The wealth creation process is a long and tedious one. It starts with small amounts invested in a diverse range of instruments until you can afford a lump sum investment. You can keep away a small number of funds in shares, mutual funds, fixed deposits, and gradually build a corpus. Besides, you need to exercise discipline with your investments. One of the best ways through which you can build a disciplined approach towards investments in SIP. Let us understand what it is and how to invest in the same.

Meaning and definition:

Also called a systematic investment plan, it is an option available for mutual fund investors. Fund houses provide this option to the investors who cannot afford to make lump sum investments in mutual funds. Through SIP, you can invest a small, fixed sum in one or more mutual funds. You can do investment weekly, fortnightly, monthly, quarterly, or half-yearly instalments.

Let us understand SIP investment through an example. Say you have chosen to invest in XYZ mutual fund. You decide to invest INR 3,000 on the 10th of every month. The price per unit is INR 25. At the said price, you would receive 120 units of the fund on the 10th of the month. Nw, if the fund begins to perform well and the price per unit increases to INR 30, you get credited with fewer units, i.e. 100 units on the next instalment. However, if the unit price falls to INR 20, then the number of shares allotted would be 150. As such, the investment amount remains the same, but the units allotted increases or decreases accordingly.

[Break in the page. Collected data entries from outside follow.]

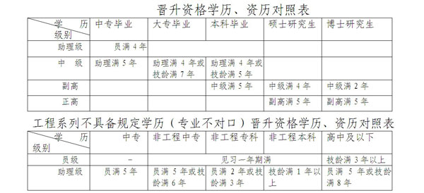 (1)评审。专业技术人员取得初级专业技术资格后,符合下列表中国家规定的学历、职称、专业技术工作年限的,可申报评审晋升相应级别的职称。少数专业破格申报评审的,依照该系列评审条件中破格申报、评审条件。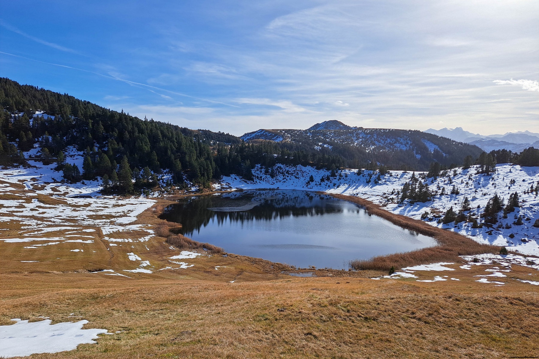 Depuis le sommet, il vaut la peine de descendre en direction de Seewenseeli (un beau pléonasme de toponyme). Pour ce faire, on descend l’arête sud jusqu’à un petit col depuis lequel on peut traverser vers le lac. Par de bonnes conditions, on peut encore monter au petit sommet dominant le col susmentionné. Là toutefois, nous avions opté pour la descente directe, car il y avait trop de neige dans les pentes nord-est.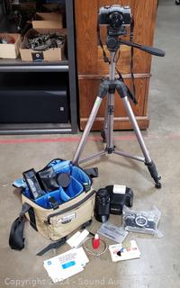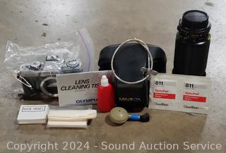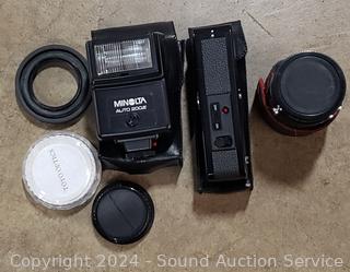 Lot #0154: Minolta XG-M Film Camera w/Lenses, Tripod, Accessories, Bag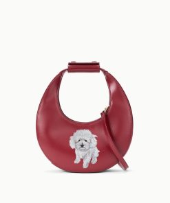 The Mini Moon Bag features a zipper closure, antique gold hardware, and suede lining.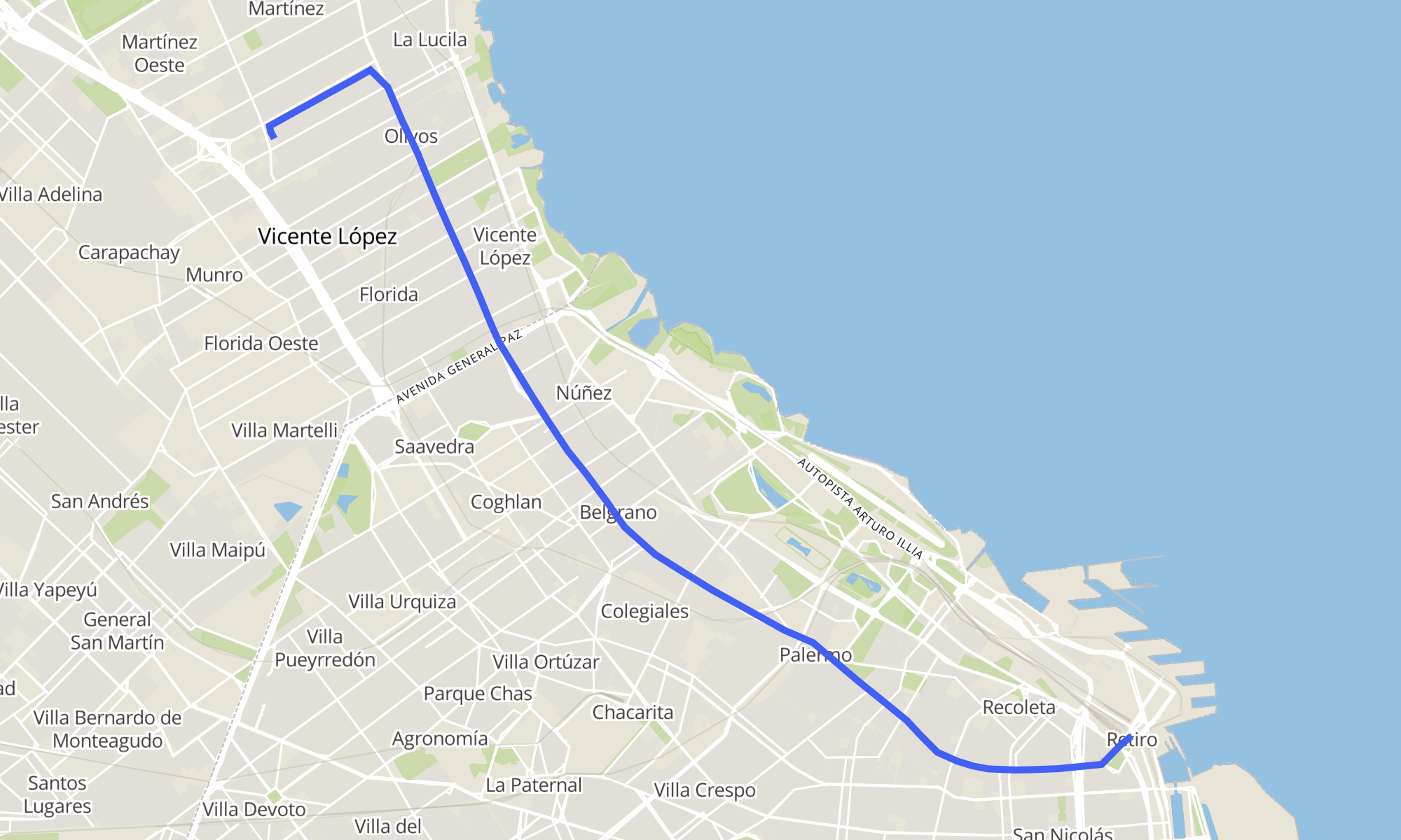 Sentido: Retiro Mitre (152) ‎→ Terminal Línea 152 (Descenso) (51 paradas)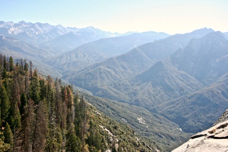 It’s a breathless exercise to climb the roughly 350 steps to the top of Moro Rock, which summits at 6,725 ft ASL. No, this is not the Morro Rock along the California coast but a granite monolith in Sequoia National Park. The effort to complete the climb of 300 feet is worth it for the views. If you’re prone to acrophobia, it’s likely you’ll not get very far, because the stairway winds tightly around the granite rock’s contours, one side sometimes facing the dropoff of a thousand or more feet, and the passageway occasionally is wide enough for only one person to pass.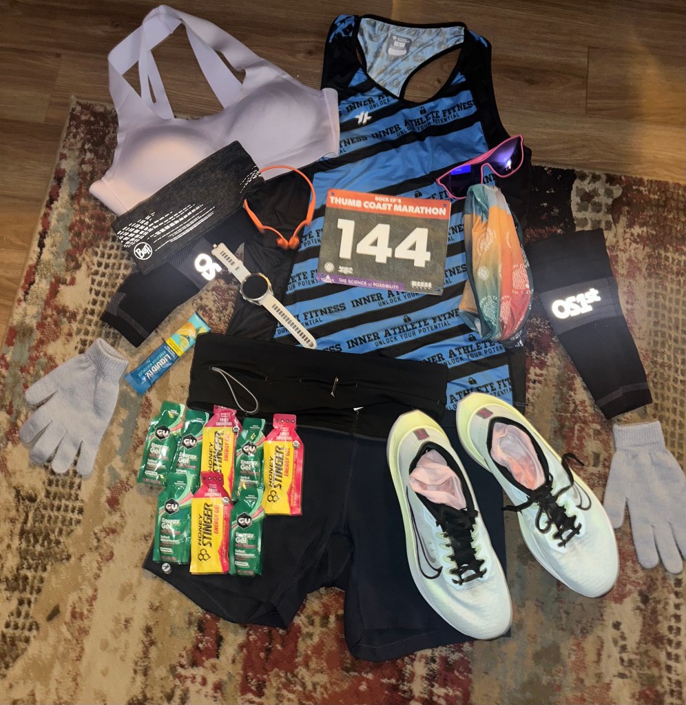 I gathered all my race essentials (gels, FlipBelt, headphones, sunglasses, bib, etc.) and got dressed into my shorts and race tank.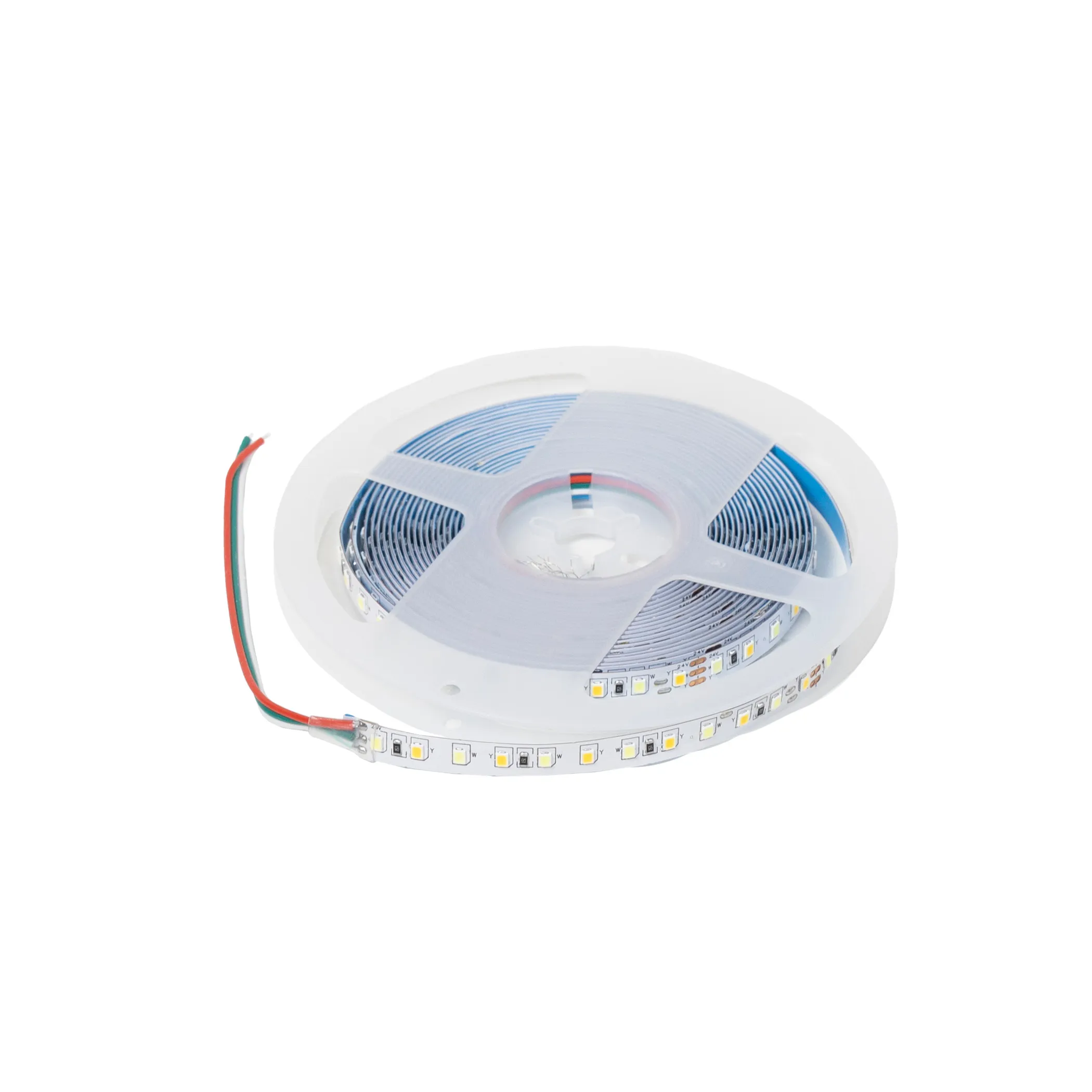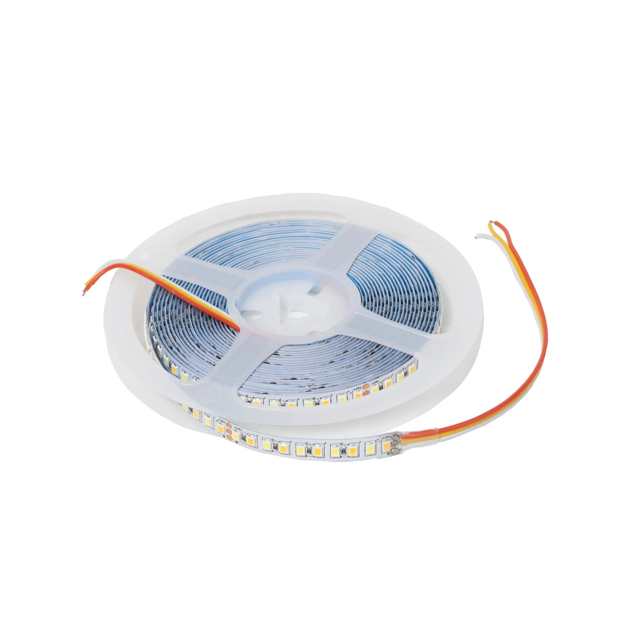 Лента светодиодная двухцветная (CCT) - 9,6W/m, 24V, 8мм, 2835, 120 д/м, IP20, тепл-холод белый, 5м, AKS

Process of investing in SIP:

Every investor hopes to select the best SIP mutual fund to invest in. However, there is a standard investment process that all investors must follow. There are many benefits of opting for SIPs:

Financial discipline

One of the most crucial factors to make sure you can meet your long-term investments is financial discipline. When you invest in a systematic plan, the fixed amount gets debited from your bank account on a specific date for a predetermined amount. Your investment is not dependent on your ability and willingness. Additionally, when there is a market correction, you may get tempted to discontinue the investment. However, SIPs ensure the investment does not stop even if the market falls, which is essential to meet the long-term goals.

Compounding effect

When you remain invested for a longer period, you can accumulate higher corpus because of the power of compounding. This means your mutual fund returns get reinvested in the same scheme for accumulating more units. Therefore, your dividends can earn additional income through the compounding effect. For maximising the power of compounding, you should start investing early so that they can grow for years.

Rupee cost averaging

The best part about SIP is the rupee cost averaging. It means that when the net asset value is high, your instalment can acquire lesser units. Similarly, when the NAV is low, the instalment accumulates more units. Therefore, the average cost f your total holdings reduce as the number of instalments increases. As a result, you can earn higher profits on your principal amount at the time of exit, giving you an increased SIP return.